• **ACTIVITY**: Set the whole listing down again, word for word, with no pictures.

• **DATASET EXCERPT**:
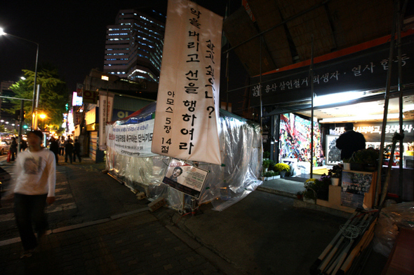 지난 10월21일 오후 ‘용산 참사’ 현장인 서울 용산구 남일당 건물 앞. 용산철거민참사범국민대책위 소속의 한 아주머니가 인도에 쭈그리고 앉아 소금에 절인 배추를 찬물에 씻고 있었다. 매일 김치를 담근다고 했다. 족히 20포기는 돼 보였다. 비닐 천막 안에서는 천주교정의구현전국사제단(이하 사제단) 신부들이 단식 농성을 하고 있었다.
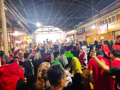 SULUTNEWSTV.com, MANADO – Masyarakat yang ada di Djalan Roda (Djarod) desak-desakkan menyambut kedatangan istri tercinta Calon Presiden Hj Siti Atiqoh. Sesuai dengan agenda, Ibu Siti akan temu sapa dengan pelaku UMKM dan pedagang yang ada di Djarod.
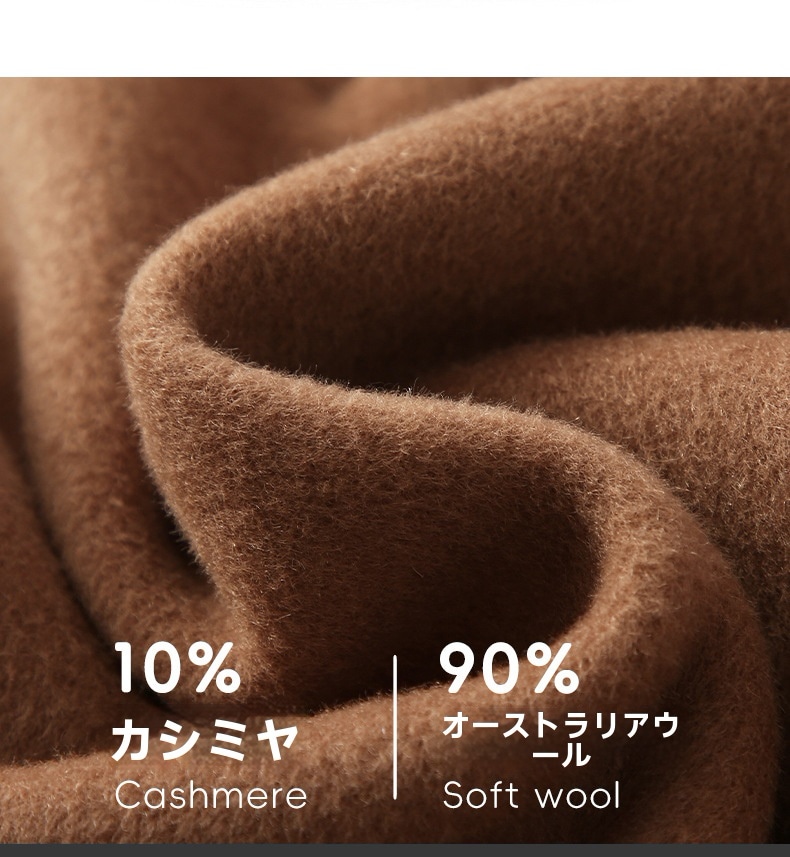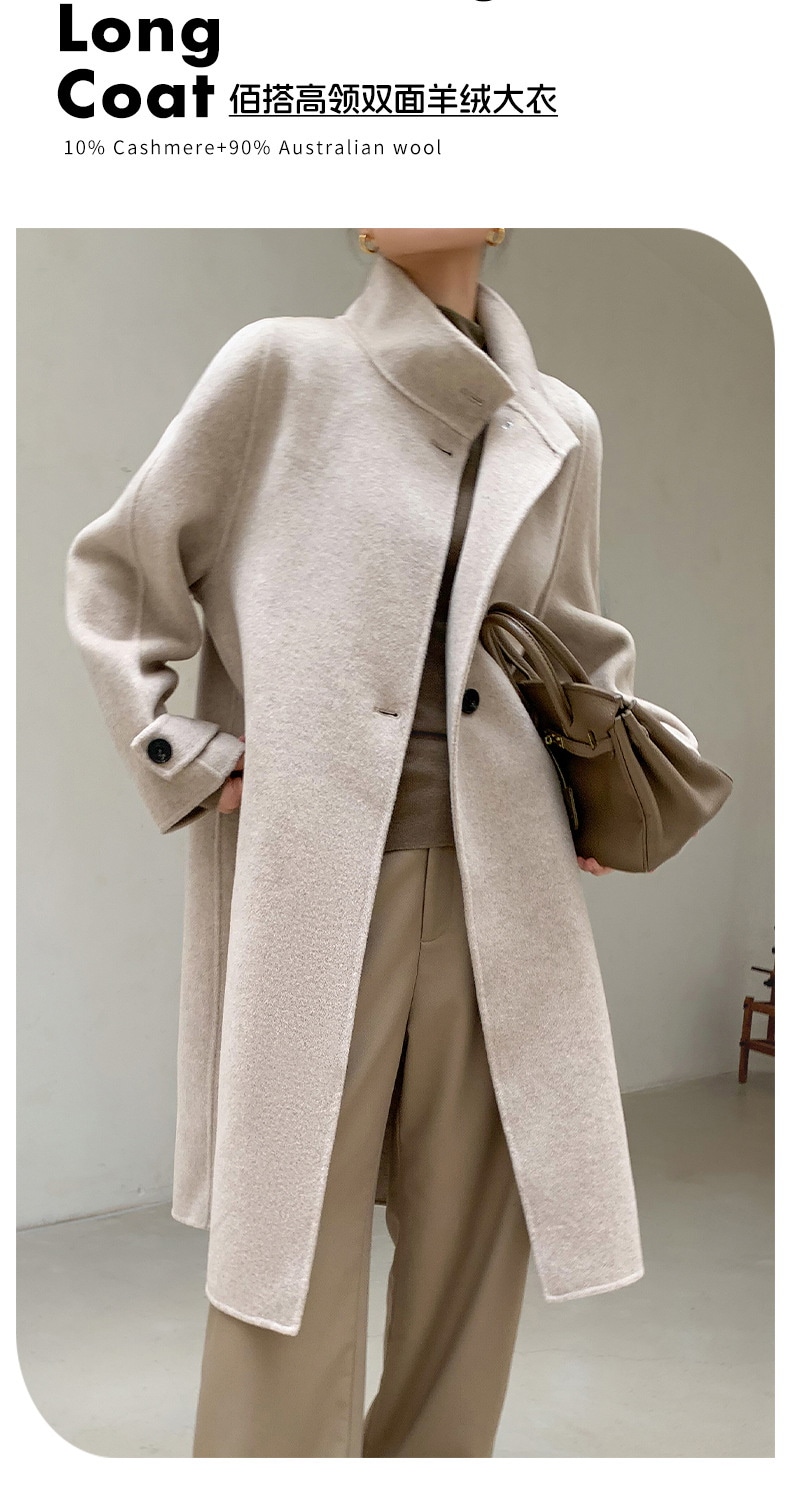 無地両面ツイードカシミヤコート女性秋冬新作ウール襟膝ルーズツイードジャケットロング部分 ファー 毛皮アウター

• **YOUR SOLUTION**:
 지난 10월21일 오후 ‘용산 참사’ 현장인 서울 용산구 남일당 건물 앞. 용산철거민참사범국민대책위 소속의 한 아주머니가 인도에 쭈그리고 앉아 소금에 절인 배추를 찬물에 씻고 있었다. 매일 김치를 담근다고 했다. 족히 20포기는 돼 보였다. 비닐 천막 안에서는 천주교정의구현전국사제단(이하 사제단) 신부들이 단식 농성을 하고 있었다.
 SULUTNEWSTV.com, MANADO – Masyarakat yang ada di Djalan Roda (Djarod) desak-desakkan menyambut kedatangan istri tercinta Calon Presiden Hj Siti Atiqoh. Sesuai dengan agenda, Ibu Siti akan temu sapa dengan pelaku UMKM dan pedagang yang ada di Djarod.
 無地両面ツイードカシミヤコート女性秋冬新作ウール襟膝ルーズツイードジャケットロング部分 ファー 毛皮アウター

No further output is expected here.